S’il avait été moins saint, il aurait agi humainement en me dénonçant comme adultère pour me faire lapider et faire périr avec moi le fruit de mon péché. S’il avait été moins saint, Dieu ne lui aurait pas donné la lumière pour le guider en une telle épreuve. Mais Joseph était saint. Son esprit, toute pureté, vivait en Dieu. La charité en lui était ardente et forte. Et par sa charité, il vous sauva le Sauveur, tant en ne me dénonçant pas auprès des anciens, qu’en laissant tout par une prompte obéissance pour emmener Jésus en Égypte.
25.11 – Journées peu nombreuses, mais terribles par leur intensité, celles de la passion de Joseph et de ma passion, de cette première passion dont je dus souffrir. Car je comprenais sa souffrance et ne pouvais la lui enlever aucunement pour rester fidèle à l’ordre de Dieu qui m’avait dit: “Tais-toi!”

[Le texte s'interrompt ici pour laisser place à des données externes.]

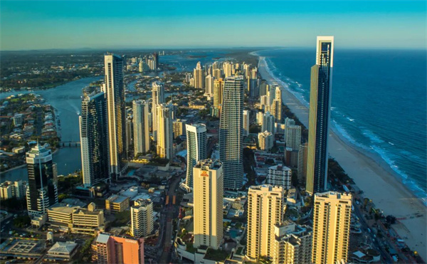 澳大利亚黄金海岸(Gold Coast),位于昆士兰州南部,拥有绵延42公里金色沙滩海岸、多个世界级的主题公园和购物商场,是冲浪和滑水的理想场所,也是世界人民的度假胜地。
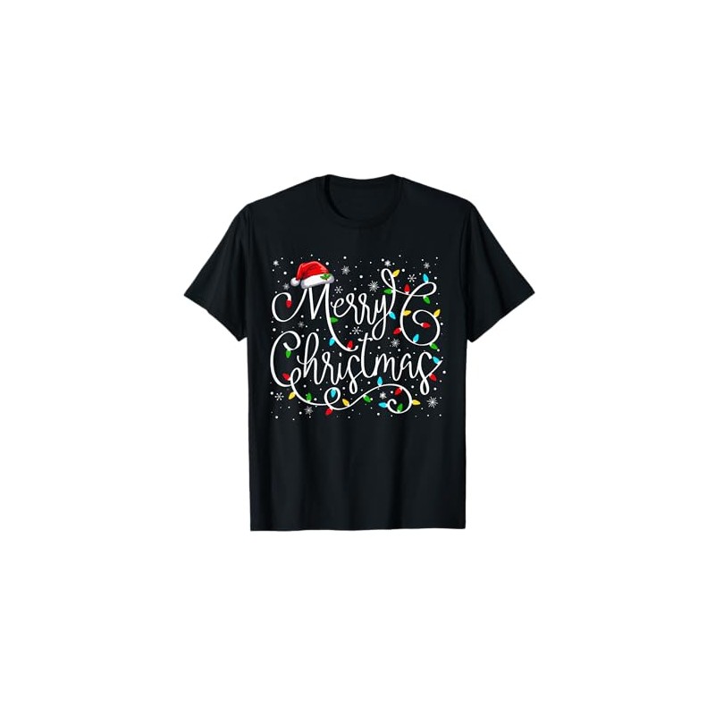 Merry Christmas Lights Santa Hat Xmas Family Matching Pajama T-Shirt
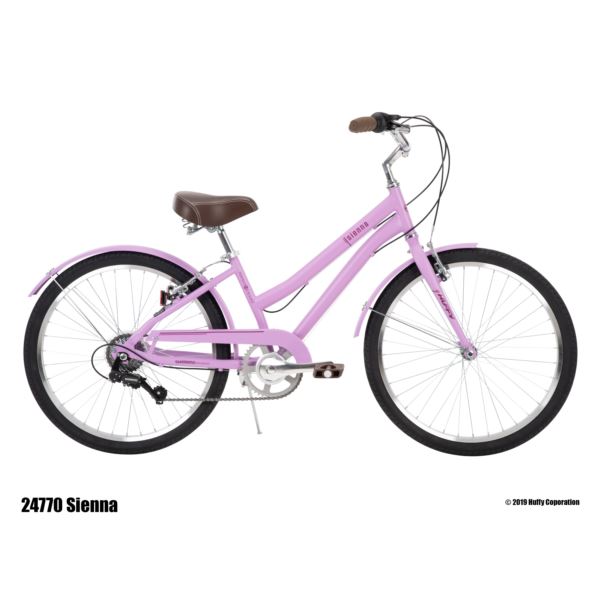 The Sienna 24" cruiser has a Hi-ten steel Perfect Fit frame. It features a steel unicrown fork; 7-speed Shimano RevoShift and 7-speed index rear derailer for easy shifting and smooth control; front and rear linear brakes; alloy 3-piece crank; fenders; and alloy quick-release seat binder. The deluxe padded spring saddle and dual density grips and pedals deliver total comfort to enjoy rides for every day of the week.
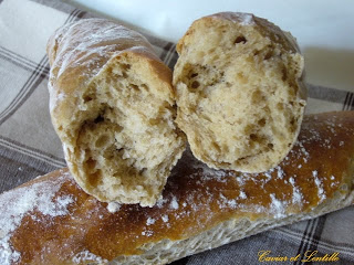 Az élesztőt beleszórom a vízbe, adok hozzá egy kevés cukrot és pár percet pihentetem. Közben a lisztet egy tálba szitálom. Hozzáöntöm az élesztős vizet, a sót és az olaj, olvasztott vaj keverékét. Alaposan összegyúrom, legalább 10 percig, aztán langyos helyen, letakarva 2,5 órát pihentetem. Ezután újra alaposan átgyúrom, Julia Child után szabadon odacsapkodom jó párszor az asztalhoz, 3 részre szedem, formázom. ( ellipszis formára lapogatom a kezemmel, aztán hengerré tekerem és az asztalon görgetem, míg egyenletes hengert nem kapok ). A csapkodás fantasztikus feszültség levezető és nem utolsó sorban a kenyértésztának is jót tesz 🙂 Lisztezett baguette sütő formába helyezem őket és még fél órát kelesztem. Előmelegítem a sütőt 240 fokra. Bevágom a baguette-ket és megkenem a tetejüket kevés vízzel elkevert tojássárgával. Ezt a lépést gyakorta kihagyom és ilyenkor a rajtamaradt liszttől szépséges, rusztikus kenyérkéim születnek. Beteszem a sütőbe és beöntök 1 pohár hideg vizet a sütő aljába, aztán gyorsan becsukom az ajtaját. Ha valaki tart ettől a művelettől, az nyugodtan tegyen egy kisebb tepsit és öntse abba vizet vagy tegyen egy tepsi jégkockát a sütőbe. A lényeg, hogy valahogy gőzt csináljunk. Nagyjából 15-18 perc alatt aranybarnára sütöm őket. A sütési idő növelésével szoktam játszani, attól függően mennyire ropogósra szeretném épp. A maximum 25-30 perc lehet. Rácsra teszem hűlni.
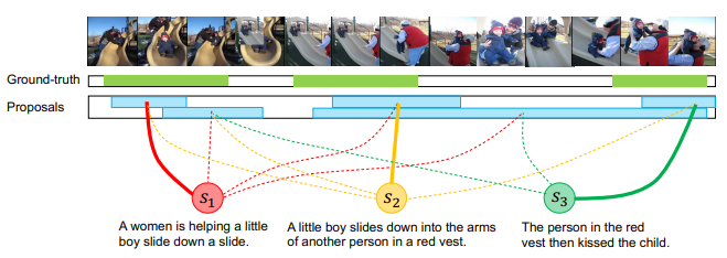 우선 Paragraph의 경우 문장 단위로 feature를 추출하고 Video의 경우 clip 단위로 feature를 추출하게 됩니다. Clip의 경우 TSN기반의 two-stream network를 사용하며 문장도 비슷한 방식으로 추출한다고 합니다.(Bag of Words weighted with tf-idf) 그리고 각각 추출한 두 데이터의 feature들은 서로 다른 도메인이기때문에 서로 비교가 가능하도록 같은 도메인으로 projection시켜 줍니다. 어떤 방식으로 projection 시키는 지에 대한 자세한 언급이 되어 있지 않으나 흔하게 하는 방식으로 fc layer를 쌓지 않았을까 싶습니다.
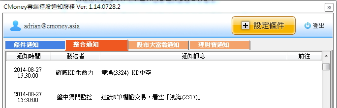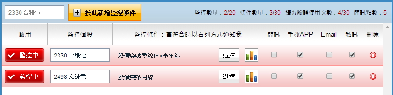 你可以在「即時訊號通知」中設定高達30組監控條件,
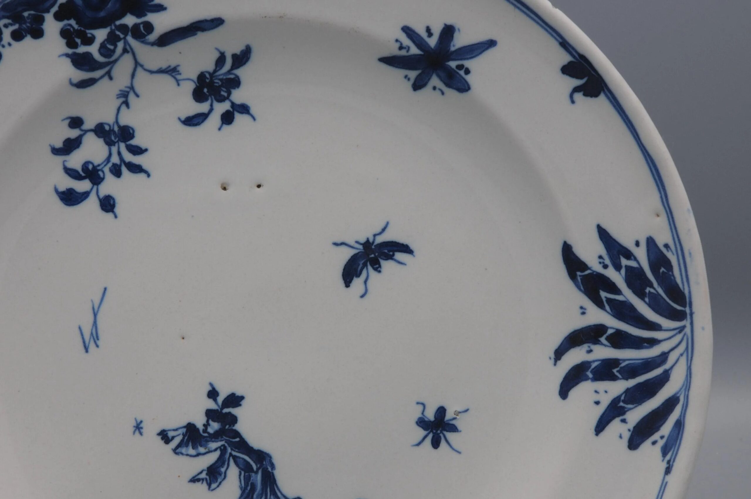 Moustiers plate in “camaïeu blue” depicting a Chinese man, amidst insects, flowers and leaves.

Et quand à notre arrivée à Nazareth, je le vis me quitter après un laconique salut, courbé et vieilli, pour ainsi dire, en peu de temps, quand je vis qu’il ne venait pas chez moi le soir comme il en avait l’habitude, je vous le dis, mes fils, mon cœur éploré eut à souffrir une douleur aiguë. Enfermée dans ma maison, seule, dans la maison où tout me rappelait l’Annonciation et l’Incarnation, et où tout me ramenait au cœur le souvenir de Joseph uni à moi dans une virginité sans tache, je dus résister au découragement, aux insinuations de Satan et espérer, espérer, espérer. Et prier, prier, prier. Et pardonner, pardonner, pardonner à Joseph son soupçon, sa révolte de juste indigné.
Mes fils: il faut espérer, prier, pardonner, pour obtenir que Dieu intervienne en notre faveur. Vous aussi vous avez à vivre votre passion. Vos fautes l’ont méritée. Je vous enseigne comment la surmonter et la transformer en joie. Espérez sans mesure, priez sans défiance, pardonnez pour qu’il vous soit pardonné. Le pardon de Dieu, mes fils, sera la paix a laquelle vous aspirez.
25.12 – Je ne vous dirai rien d’autre, pour le moment, sauf qu’après le triomphe de Pâques, ce sera le silence Après Pâques, Maria Valtorta va vivre la nuit de la Foi : une période de silence particulièrement douloureuse qui la configure au Christ en Croix s'exclamant : Mon Dieu ! Pourquoi m'as-tu abandonné ? Cela durera du 9 avril au 3 mai 1944, fête de la Sainte Croix. Cf. Les Cahiers de 1944, aux dates indiquées. . Compatissez à ce qu’endure votre Rédempteur, écoutez ses plaintes et comptez ses blessures et ses larmes. Chaque larme a été versée pour vous et ses blessures c’est pour vous qu’il les a reçues. Tout autre vision s’efface devant celle qui vous rappelle la Rédemption qu’il a accomplie pour vous.”